AI-Generated Music, Learning-Related Well-being, Cognitive Load, Memory Performance, Physiological Measures, Adaptive Learning Environments

Abstract

INTRODUCTION: Background music is frequently incorporated into learning environments not only to enhance cognitive engagement but also to regulate learners’ affective state and perceived mental effort, both of which are closely associated with learning-related well-being. However, empirical findings regarding its impact on memory performance remain inconclusive and appear to be contingent upon task characteristics as well as the emotional properties of the auditory stimulus. Recent advances in Artificial Intelligence Generated Content (AIGC) enable the parametric synthesis of music with systematically controllable emotional attributes (e.g., valence, arousal, motivational tone), thereby providing a novel methodological pathway for examining how adaptive auditory environments may support learners’ cognitive functioning, stress regulation, and psychological well-being beyond the constraints of pre-composed music.

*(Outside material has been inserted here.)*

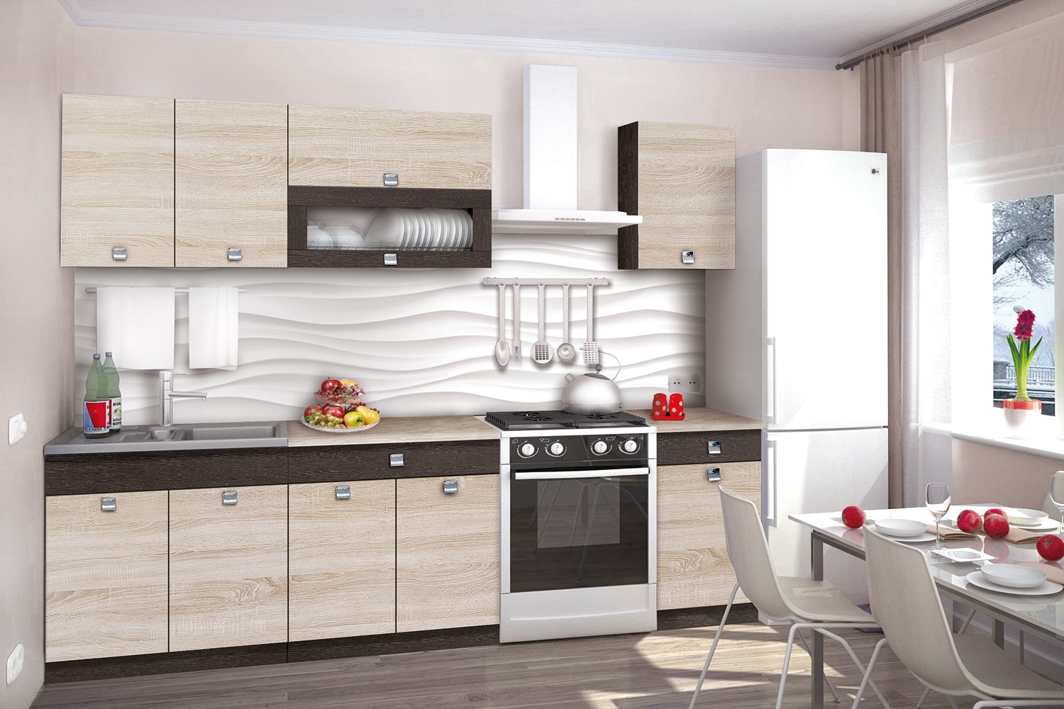 Кухонный гарнитур фэнтези белый универс, Лайнс 2,4м

OBJECTIVES: This study investigates how emotionally differentiated AI-generated background music influences memory performance, subjective workload, and user preference within learning contexts, with particular attention to task-dependent effects across numerical and image-based memory paradigms. 

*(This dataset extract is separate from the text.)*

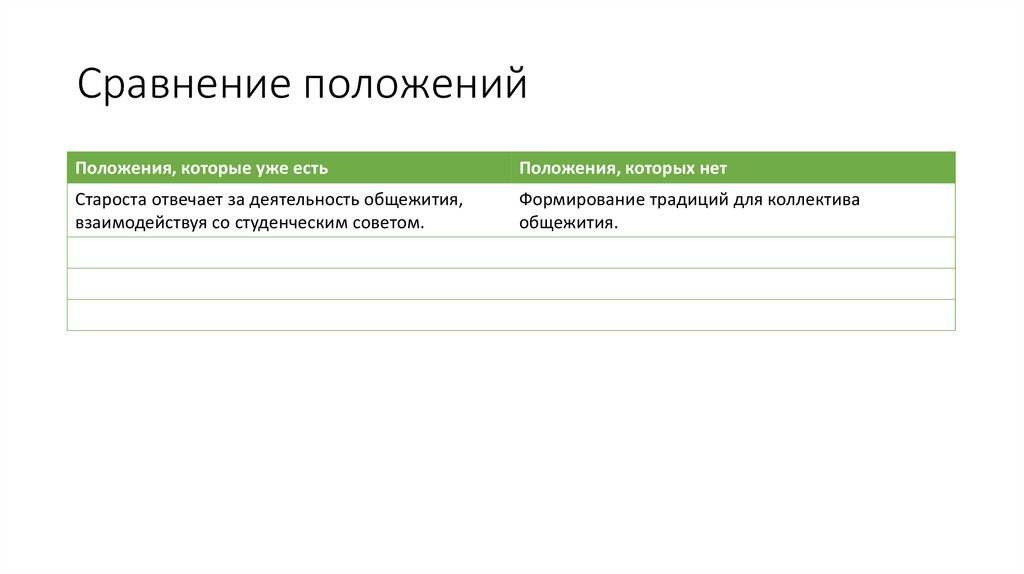 Сравнение положенийПоложения, которые уже есть

METHODS: Seventeen participants completed both numerical recall and visual memory tasks under four auditory conditions: positive/motivational, soothing, focus-oriented (Low-arousal) AI-generated music, and a silence control. Behavioural accuracy was recorded alongside indicators of electroencephalography (EEG) and heart rate variability (HRV). Subjective workload and affect were assessed using the NASA Task Load Index (NASA-TLX) and the Positive and Negative Affect Schedule (PANAS).

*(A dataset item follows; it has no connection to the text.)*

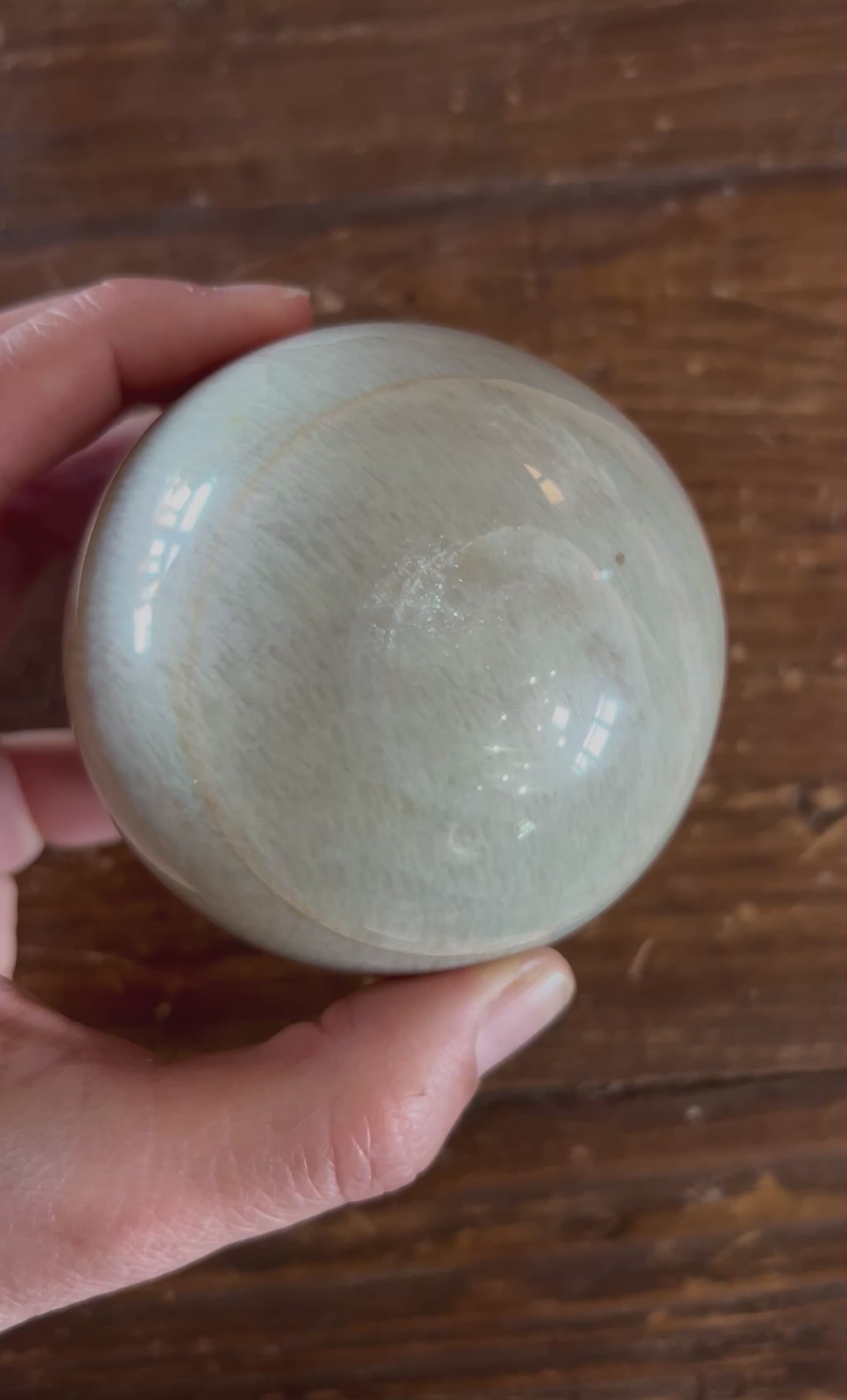 Immerse yourself in the serene and grounding energy of this Green Moonstone Sphere, a remarkable crystal known for its soft, calming hues and mystical properties. Weighing 545 grams (1.2 lbs) and measuring 73 mm (2.87 in) in diameter, this sphere is a captivating addition to any crystal collection or sacred space.

RESULTS: Results revealed dissociable, task-dependent patterns across behavioural and psychophysiological measures. Silence yielded the highest accuracy in numerical memory tasks, whereas positive-valence music was associated with enhanced performance in image memory conditions. Distinct categories of AI-generated music also elicited differential neural and autonomic responses, suggesting variations in affective regulation and cognitive load during task execution, with focus-oriented music emerging as the most preferred auditory condition for sustained learning. Although overall behavioural accuracy remained relatively stable across conditions, emotionally parameterised AI-generated music may function as autonomy-supportive cognitive scaffolds

CONCLUSION: These findings provide preliminary evidence that AIGC-driven auditory environments may function as autonomy-supportive cognitive scaffolds that dynamically regulate stress and attentional demands during task engagement. By adaptively aligning emotional soundscapes with task characteristics and user state, AI-generated background music holds promise as a well-being-aware intervention capable of promoting cognitive sustainability and reducing perceived mental strain in digitally mediated learning systems.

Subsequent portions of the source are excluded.